4. Grundlagen der Wortverarbeitung,  Verarbeitung von Analogsignalen in der Mess und Regeltechnik   ( da bin ich jetzt)

5. Realisierung von Regelungstechnischen Aufgaben 

6. Aufgabensammlung 

Ist halt alles sehr Trocken erklärt ....deshalb suche ich bei Unklarheiten nach antworten in diesem Forum. Wollte jetzt auch nicht unbedigt einen SPS Lehrgang besuchen da ich schon paar Inhalte vermittelt bekomme .
Doch irgendwann hört halt die Theorie auf . Einen Praktischen Bezug zur SPS bekomme ich erst wenn ich den Techniker habe , dann geht es Richtung Prozessoptimierung . 

Solange muss ich mir noch mit Trysim zufrieden geben ..


----------



## woody (8 Mai 2015)

Es kommen bestimmt noch einige Fragen die mir noch unklar sind.....zb.

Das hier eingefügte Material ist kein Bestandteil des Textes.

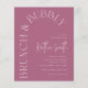 Set the tone for an elegant event with this chic bridal shower invitation! The phrase "Brunch & Bubbly" curves along the edge of the card, and the bride's name is written in modern script lettering. The event details are aligned to the right of the card in classic serif typography. The background is a bold purple, with the event details in a soft cream. The colors are fully editable. Cards reverse to a floral pattern against dark purple. Perfect for themes like pearls or petals and prosecco, brunch with the bride, a cocktail party, or any celebration with a modern, stylish vibe. As part of Zazzle's budget selection, this sheet doesn't come in standard card sizes. To get this design on a standard card, you can find it in the collection or use the Zazzle Make Machine to transfer it onto your preferred product. View the collection linked on this page for matching items, or visit our store for more bridal shower invitations.
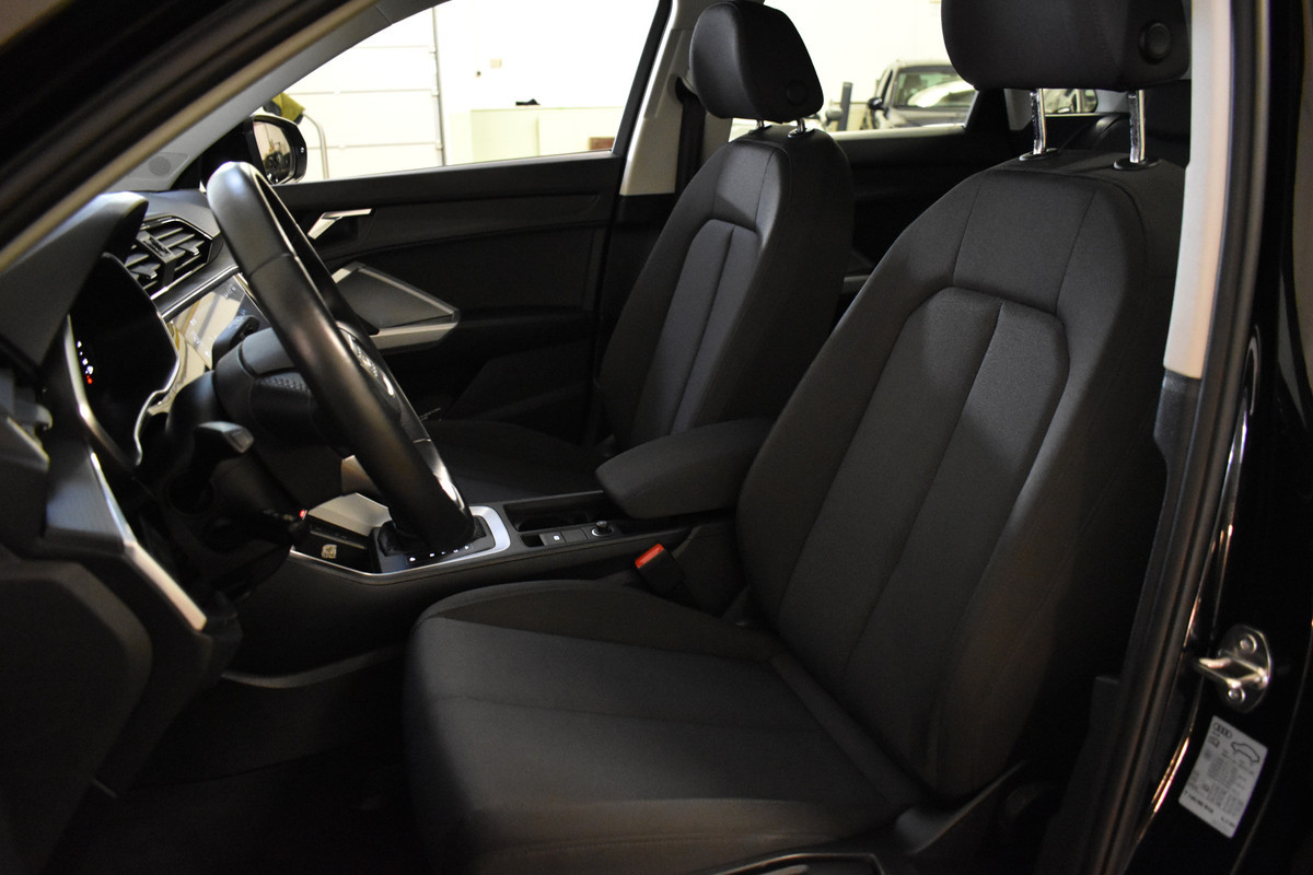 Deze Audi Q3 is een 35 TFSI en heeft een S-tronic automaat voor perfecte rijeigenschappen en is compleet met vele opties en extra`s o.a.: Origineel navigatiesysteem/multimedia/bluetooth, audi connect, Volledig digitale cockpit, boordcomputer, sport/comfort stoelen incl. stoelverwarming, volautomatische Climate-control airconditioning, multifunctioneel leder sportstuur, rijstrook sensor, cruise-control, LED dagrij-verlichting met LED Koplampen, parkeersensoren voor en achter, lichtmetalen velgen, Elektrisch bedienbare achterklep, etc..

Das Programm läuft ja Zyklisch ab..d.h. von oben nach unten 

wenn ich mir jetzt ein Fließband vorstelle an dem mehrere Stationen eine Bearbeitung stattfindet .....wie verläuft das Programm dann Zyklisch ?

Dann sind doch mehrere Netzwerke aktiv .
Wie kann ich mir das vorstellen ?


----------



## PinkPanther32 (8 Mai 2015)

Es sind keine netzwerke gleichzeitig aktiv. Jeder Baustein bzw. Netzwerk wird nacheinander abgearbeitet und das je nach Größe des Programms, bzw. der Steuerung alles im Millisekunden Bereich. Also einmal alles in einem Programm abklappern kann schon in 2 Millisekunden abgeklappert sein.


----------



## woody (8 Mai 2015)

Das ist mit dem Auge gar nicht wahrnehmbar.. 
Wenn ich in OB1
3 Bausteine aufrufe mit 
Call Fc1
Call Fc2
Call Fc3 
Dann werden zb 3 Stationen gleichzeitig bearbeitet oder Auch nacheinander? Weil i muss ja bei einer strukturierte Programmierung nach Fc3 mit  BE ENDE beenden um auf OB1 zurück zu kehren


----------



## PinkPanther32 (8 Mai 2015)

Also wenn es so im OB 1 steht wird erst der FC1 abgearbeitet, danach FC2 usw., und ein BE muss in der S7 Welt und auch in anderen Steuerungen nicht mehr Explizit dazu geschrieben werden.
Aber warum meinst du müssen die Stationen gleichzeitig ablaufen wenn alles in ms passiert?


----------



## Krumnix (11 Mai 2015)

Eine SPS arbeitet ihr Programm zyklisch ab. Dies muss in einer bestimmten Zeit erfolgen. Ansonst "hängt" das Programm und die SPS geht sicherheitshalber in den Stop-Modus. 
Das Programm läuft vom "oben" bis "unten". 
Wenn du also im OB1 mehrere Aufrufe machst, startet der Zyklus im OB1 Zeile 1. Wenn hier Call FC1 steht, "springt" die SPS in die Baustein mit der Bezeichnung FC1 und arbeitet dort alle Anweisungen ab.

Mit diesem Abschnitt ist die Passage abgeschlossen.